5 декабря 1965 года участвовал в "митинге гласности". 21 января 1967 года – в демонстрации в защиту арестованных диссидентов Юрия Галанскова, Веры Лашковой, Алексея Добровольского и Петра Радзиевского. 26 января был арестован за участие в демонстрации и помещен в СИЗО КГБ "Лефортово". 26 мая 1967 года он был освобожден ввиду отсутствия состава преступления, а в августе уголовное дело против Габая было прекращено.
В январе 1968 года составил и подписал ряд правозащитных документов.

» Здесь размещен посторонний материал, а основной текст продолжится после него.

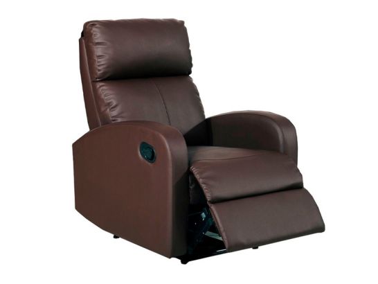 Esta tapizado en poli piel con efecto suave en color marrón de un alto confort en respaldo y asiento mullido con una densidad de espuma adecuada para el confort. Presenta un alto confort en la zona lumbar y cervical . Cuenta también con reposabrazos. Si buscas un sillón relax de aspecto bonito, elegante, con prestaciones y un precio interesante este es sin duda tu sillón relax.

Познакомился с представителями движения крымских татар (Зампирой Асановой, Роланом Кадыевым, Мустафой Джемилевым), помогал им подготавливать документы.
КГБ провел на квартире Габая несколько обысков, были изъяты материалы крымско-татарского движения.
19 мая 1969 года – по обвинению в "клевете на советский строй" – был отправлен самолетом на следствие в Ташкент.
В январе 1970 года решением ташкентского суда был приговорен по статье 190-1 УК РСФСР ("Распространение заведомо ложных измышлений, порочащих советский строй") к трем годам заключения за участие в крымско-татарском движении.
Алексей Макаров – сотрудник Международного "Мемориала", Архива истории инакомыслия в СССР:
– Мне кажется, что это не просто публикация. Сейчас выходит довольно много книг о диссидентском движении в издательстве "НЛО" и не только. Мне эта книга представляется действительно важной, заслуживающей внимания граждан. Прежде всего – это письма из лагеря. Публикаций лагерных писем довольно мало. Мне кажется, эти письма продолжают письма Юлия Даниэля. Они были с 1966-го по 1970 годы, а письма Ильи Габая – с 1969-го по 1972 годы.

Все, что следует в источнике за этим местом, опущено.